* _Task_
The whole listing should come back exactly as written, except for the pictures.

* _Given information_
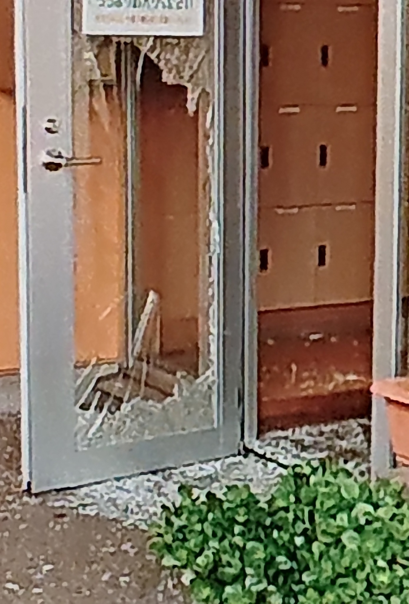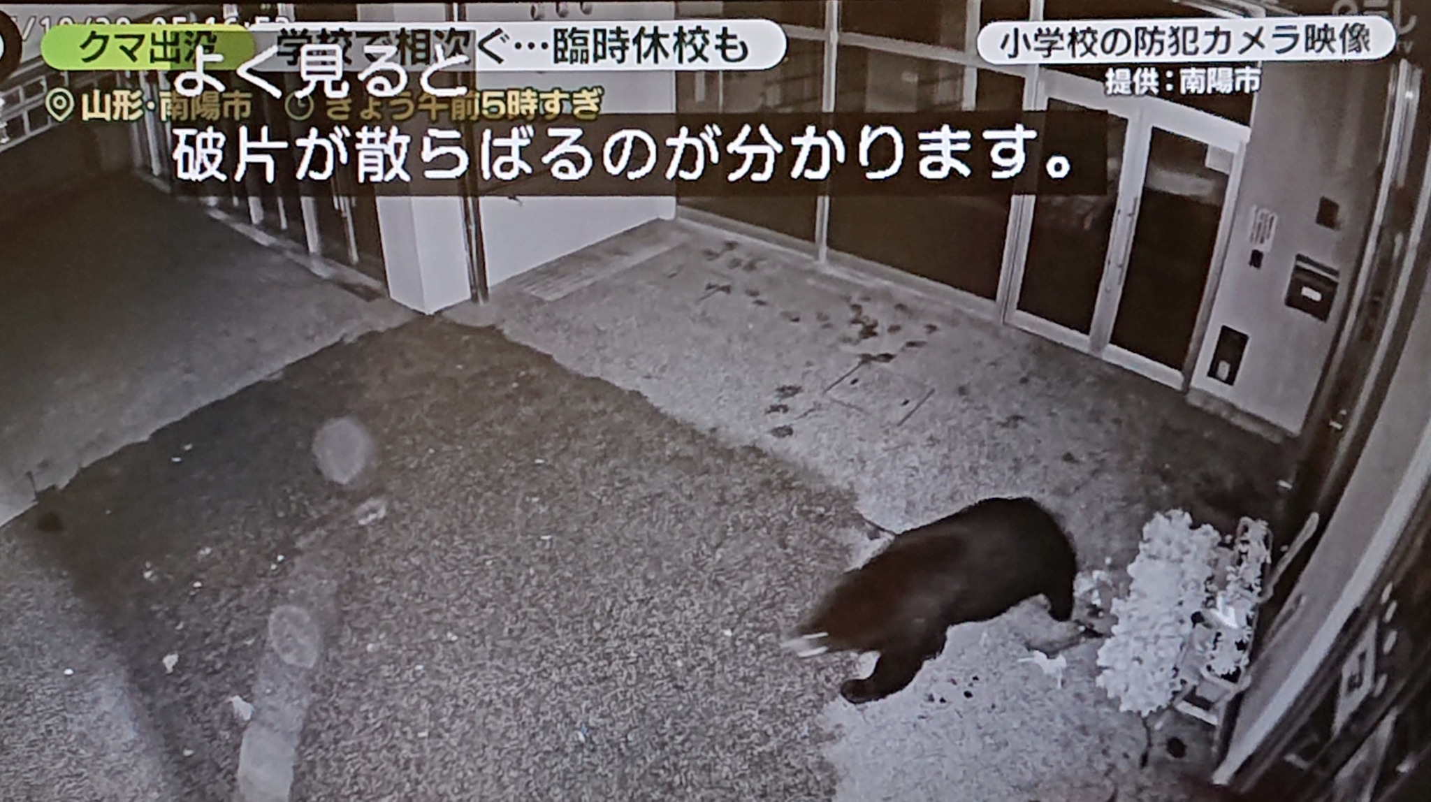 学校のガラスは分厚いので、少し距離があって🐻加速して窓ガラスにぶつかるのなら分かりますが、📷こんな短い距離で🐻ぶつかって粉々に割れてしまうのですね。
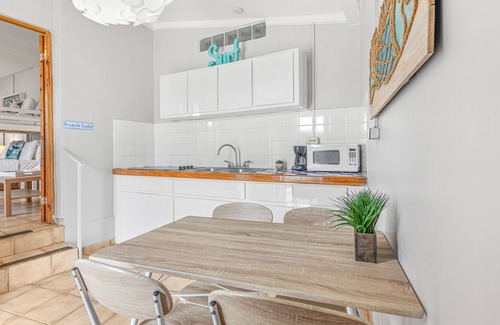 Once you enter Playita Rosada you are greeted with a charming rustic-style kitchen and dining table. The kitchen has a full-size fridge, stovetop, toaster, coffee maker, and microwave. It also has a convenient opening toward the dining room that sits 4 guests.
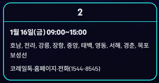 | 1월 16일(금) | 09:00 ~ 15:00 | 코레일톡·홈페이지·전화(1544-8545) | 호남, 전라, 강릉, 장항, 중앙, 태백, 영동, 서해, 경춘, 목포보성선 |
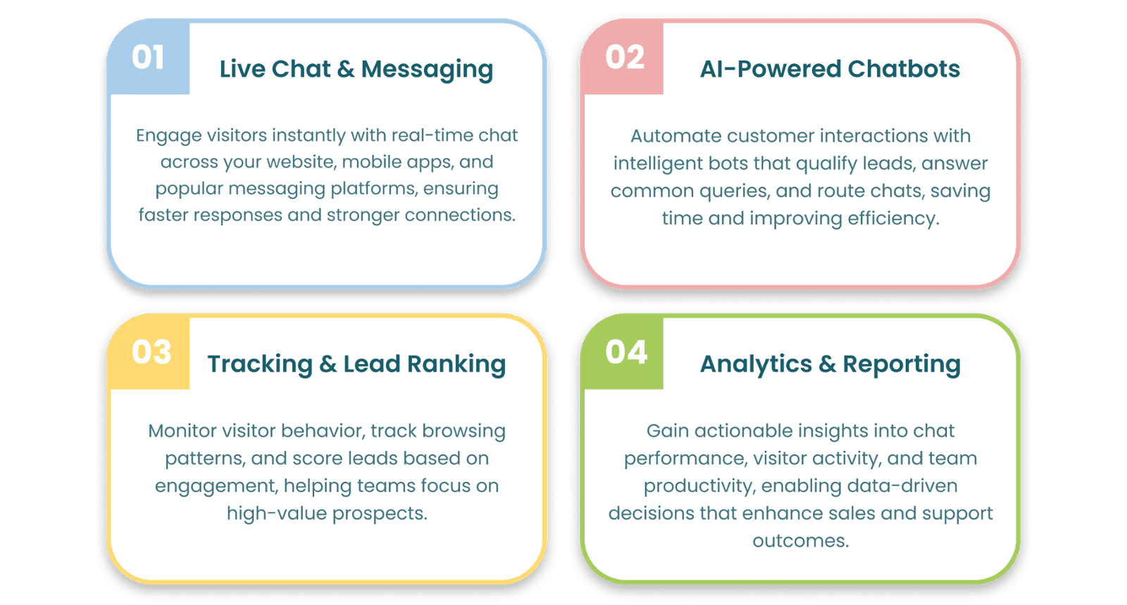 Zoho SalesIQ helps businesses engage website visitors instantly through live chat, chatbots, and omni channel messaging. It tracks visitor journeys and scores leads, allowing teams to focus on high-value prospects. Built-in analytics provide insights into customer behaviour and team performance. The platform streamlines sales and support, boosts conversions, and strengthens customer relationships.

* _Reply to the task_
 学校のガラスは分厚いので、少し距離があって🐻加速して窓ガラスにぶつかるのなら分かりますが、📷こんな短い距離で🐻ぶつかって粉々に割れてしまうのですね。
 Once you enter Playita Rosada you are greeted with a charming rustic-style kitchen and dining table. The kitchen has a full-size fridge, stovetop, toaster, coffee maker, and microwave. It also has a convenient opening toward the dining room that sits 4 guests.
 | 1월 16일(금) | 09:00 ~ 15:00 | 코레일톡·홈페이지·전화(1544-8545) | 호남, 전라, 강릉, 장항, 중앙, 태백, 영동, 서해, 경춘, 목포보성선 |
 Zoho SalesIQ helps businesses engage website visitors instantly through live chat, chatbots, and omni channel messaging. It tracks visitor journeys and scores leads, allowing teams to focus on high-value prospects. Built-in analytics provide insights into customer behaviour and team performance. The platform streamlines sales and support, boosts conversions, and strengthens customer relationships.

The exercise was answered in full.